What does NOT change

Throughput, memory, CPU, network behavior, the actual kubo/pkc seeding work — all identical.

Risk

honker is alpha (the maintainer says so). It's pinned exactly to 0.3.3 so future bumps are intentional, not transitive. The README now signals to users that this repo is experimental and supplemental — desktop apps (5chan Electron etc.) seed automatically and are the protocol's load-bearing seeders; this seeder is for operators who want consistent 24/7 contribution from a VPS.

Verified end-to-end locally on macOS arm64: full seed cycle, graceful SIGTERM, restart with both communities reporting pins unchanged (throttle + pin-tracking tables held), and orphan pin-op re-claimed by a fresh worker after visibility timeout.

Test plan

  • Existing npm test passes (8/8, helpers untouched)
  • Honker e2e probe: atomic outbox, claim/ack, scheduler tick, rollback drops both sides
  • Local e2e with bitsocial-cli's bundled daemon: discovery → subscribe → 2 community updates → pins + provides processed by workers
  • SIGTERM → state preserved → restart → no redundant work enqueued
  • Native module install works on darwin-arm64 (honker prebuilt; Docker covers linux-x64-gnu and linux-arm64-gnu prebuilts)
  • CI matrix expansion (lin musl, win-from-source) deferred until honker matures (no GitHub Releases yet, ~40 days old, solo maintainer)

Note

Medium Risk
Core runtime now depends on alpha honker/SQLite and a native module; seeding behavior is intended unchanged but persistence and shutdown paths are new operational surfaces.

Overview
v0.2.0 moves seeder orchestration and state off in-memory PQueue / setInterval / periodic seederState.json writes onto a single SQLite file (SEEDER_DB_PATH, default seeder.db) via honker (@russellthehippo/honker-node 0.3.3); p-queue is removed.

State: communities, community_pins, and pubsub_routing_provides tables back the seeded community list, durable pin tracking for stale-pin GC, and the 6h pubsub-routing re-provide throttle. seederState.communitiesSeeding is a getter/setter over SQLite; one-time import from legacy seederState.json when the DB is empty.

Work: Pin add/remove and pubsub routing provides are enqueued in honker queues with transactional enqueueTx alongside pin bookkeeping. start.js runs tick workers (discover, subscribe, pubsub, update check), pin/pubsub workers with retries, and a honker scheduler for periodic ticks; SIGINT/SIGTERM aborts workers and closes the DB.

Docs/ops: README adds supplemental/experimental positioning, a State section, and SEEDER_DB_PATH in Docker/compose; gitignore/dockerignore cover SQLite WAL/SHM files.

Reviewed by Cursor Bugbot for commit f58ec9a.
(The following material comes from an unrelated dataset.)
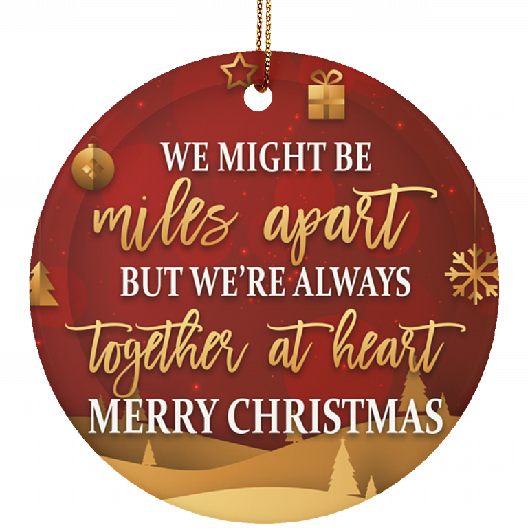 We Might Be Miles Apart But We’re Always Together At Heart Merry Christmas Flat Circle Ornament Keepsake

Bugbot is set up for automated code reviews on this repo. Configure here.

Summary by CodeRabbit

  • New Features

    • Migrated state storage from JSON files to persistent SQLite database for improved reliability.
    • Added durable work queues for pin operations and pubsub routing to prevent job loss.
    • Introduced new configuration parameters: MAX_COMMUNITIES, PIN_CONCURRENCY, and seeder update-check controls.
  • Documentation

    • Added operational guide explaining runtime state storage and database structure.
  • Chores

    • Version bumped to 0.2.0; added honker-node dependency.

Review Change Stack

Replaces the in-memory PQueues, the in-memory `pinsToRemove` and
`pubsubRoutingPinsLastQueuedAt` maps, and the JSON `seederState.json`
file with a single SQLite database at `SEEDER_DB_PATH` (defaults to
`./seeder.db`; the Docker image sets it to `/data/seeder.db`).

Pin add/remove and pubsub-routing-provide jobs are now durable work
queues from honker (@russellthehippo/honker-node, pinned exactly to
0.3.3 — alpha). Each handler runs inside a single `db.transaction()`
that commits the queue row alongside the bookkeeping table update via
`enqueueTx`, so a crash mid-handler either lands both or neither.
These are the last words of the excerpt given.